I am Gary Nelson from Stanley, North Dakota, and I appreciate the opportunity to talk with you today. Thank you PFAA for initiating this occasion to memorialize the pilots and flights attendants who perished on September 11, 2001. It was an horrific event that witnessed the hijacking of four U.S. commercial airliners. This is a welcome and deserving recognition of airline personnel who perished that day.

I was asked to be here because my daughter, Ann Nicole Nelson, perished that day as well. She was a bonds trader and was working that morning at Cantor Fitzgerald. She was at her desk on the 104th floor of the North Tower when the first plane struck five floors below her office.

Ann graduated from Carleton College in Northfield, worked at Dain Rauscher in Minneapolis, and Chicago and had been working at Cantor less than a year. Ann enjoyed her years spent in Minneapolis.

When I arrived in Minneapolis last Friday and was thinking about my speech, I wasn’t quite sure what I would say. The next morning I looked out of the window of my room on the thirteenth floor of the hotel and saw a field of white stones, lined up in what appeared to be an intentional vertical and horizontal pattern. The stones sat on a beautifully manicured lawn surrounded by a carefully pruned forest with each tree planted as though there had been a plan and a purpose. It was then that it occurred to me that this was Fort Snelling, a national military cemetery. It is hallowed ground, a final resting place dedicated to those who gave their lives so that our nation might live in peace.

So it is indeed appropriate that we are here today so near Fort Snelling to remember those who are still giving their lives so that we as a nation may continue to enjoy life, liberty and the pursuit of happiness. Thank you to the military personnel serving in Iraq and Afghanistan, and throughout the rest of the world.

Thank you to the police and firemen, who without concern for themselves, rushed into those burning towers when others were running from them in terror. Ann grew up knowing that fighting fires and saving lives were important. You see, I was a volunteer fireman during her growing up years and she knew that when the fire call came, all other activities stopped in order to help others who were in need.

These thoughts came to my mind on the morning of 9/11 when I turned on the tv news and saw the smoke and flames billowing out of the north tower where Ann worked. I do not know what state she was in as I watched the news, because we never heard from her. I do know that if she was conscious of being in a fire, she would have known that the firemen and women would be looking to save her, or sacrifice their lives trying.

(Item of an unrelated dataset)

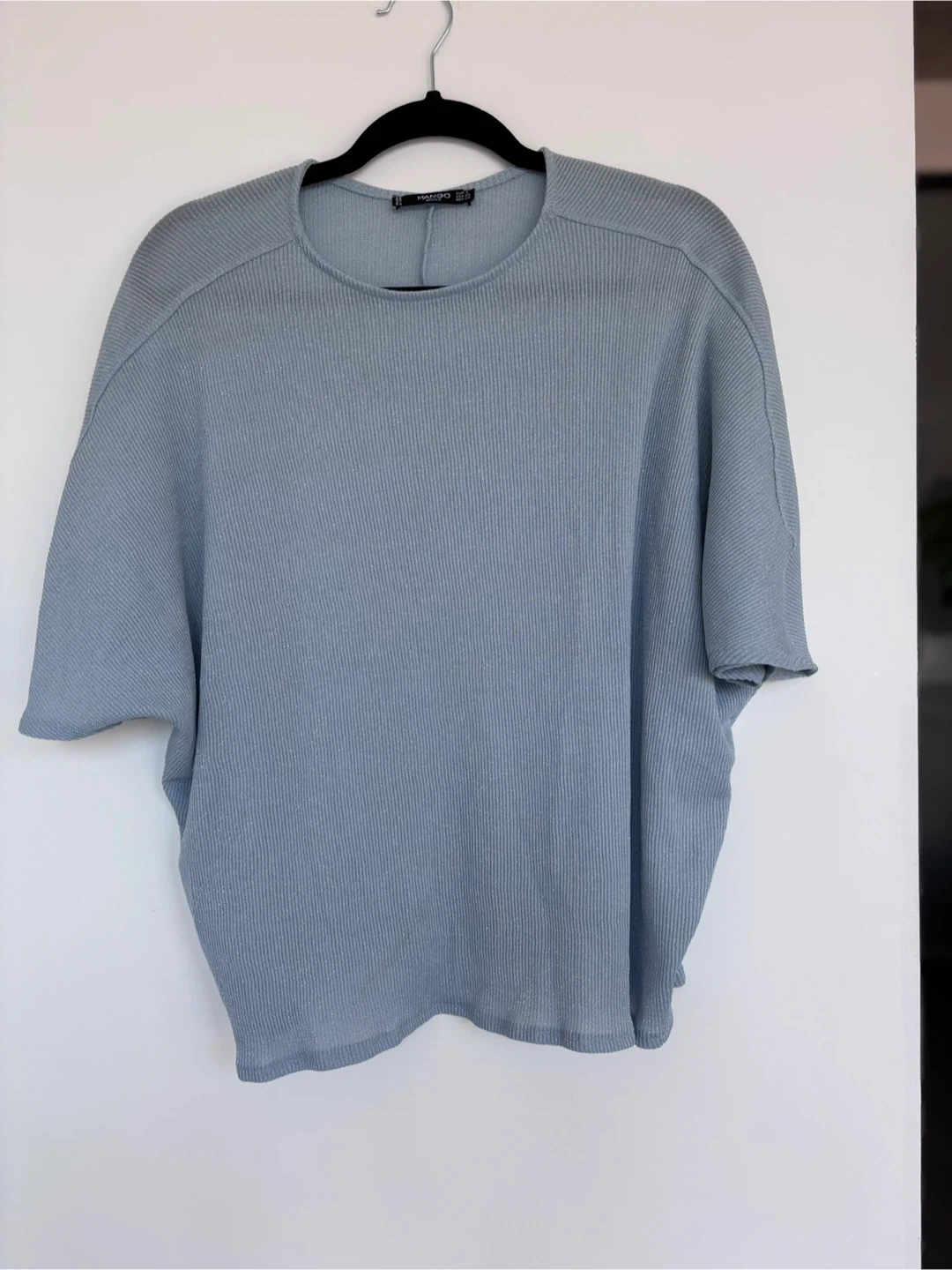 This is a blue sparkly ribbed top from Mango Basics.

A very special thank you to the pilots and flight attendants who bravely resisted the efforts of the terrorists to save their passengers and their planes. They paid the ultimate price - they sacrificed their lives. We are especially grateful to those who are responsible for the 9/11 Flight Crew Memorial Foundation, with particular appreciation to the flight crews on American Flight 11 that crashed in the World Trade Center’s North Tower; United Flight 175 that crashed into the World Trade Center’s South Tower; American Flight 77 that crashed into the Pentagon, and United Flight 93 that crashed into the field near Shanksville, Pennsylvania.

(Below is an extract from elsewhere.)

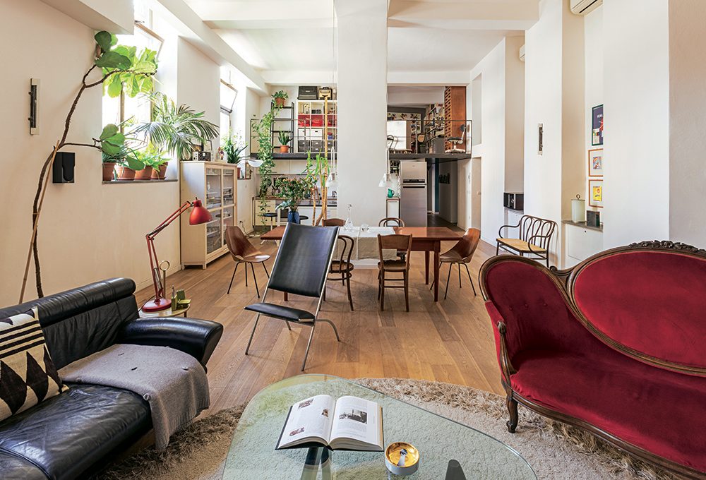 Dividere uno spazio open... senza dividerlo? Si può! Qui sono due stili contrapposti a creare lo stacco:

I thank God for giving me Ann for 30 years, as short as they were. I loved her so. We were more than a dad and a daughter. We were best friends. Ann was wise beyond her years, wise enough to learn from the past, appreciate the present, and plan for the future. Her mother and I learned when she was very young that she knew what she wanted and as willing to make honorable sacrifices to achieve her goals.

It is said that children learn the lessons of life from their parents, however I’m not sure that this was the way it happened with Ann. She believed in and promoted tolerance, forgiveness, love, and optimism. I know this because she reminded me of those virtues whenever I exhibited behaviors to the contrary! And I suspect she is not finished with me yet.

Thank you, Ann.

In closing, I want to offer a very special thank you to the pilots and crews who perished on 9/11. Thank you to everyone here today supporting the efforts of the 9/11 Flight Crew Memorial Foundation.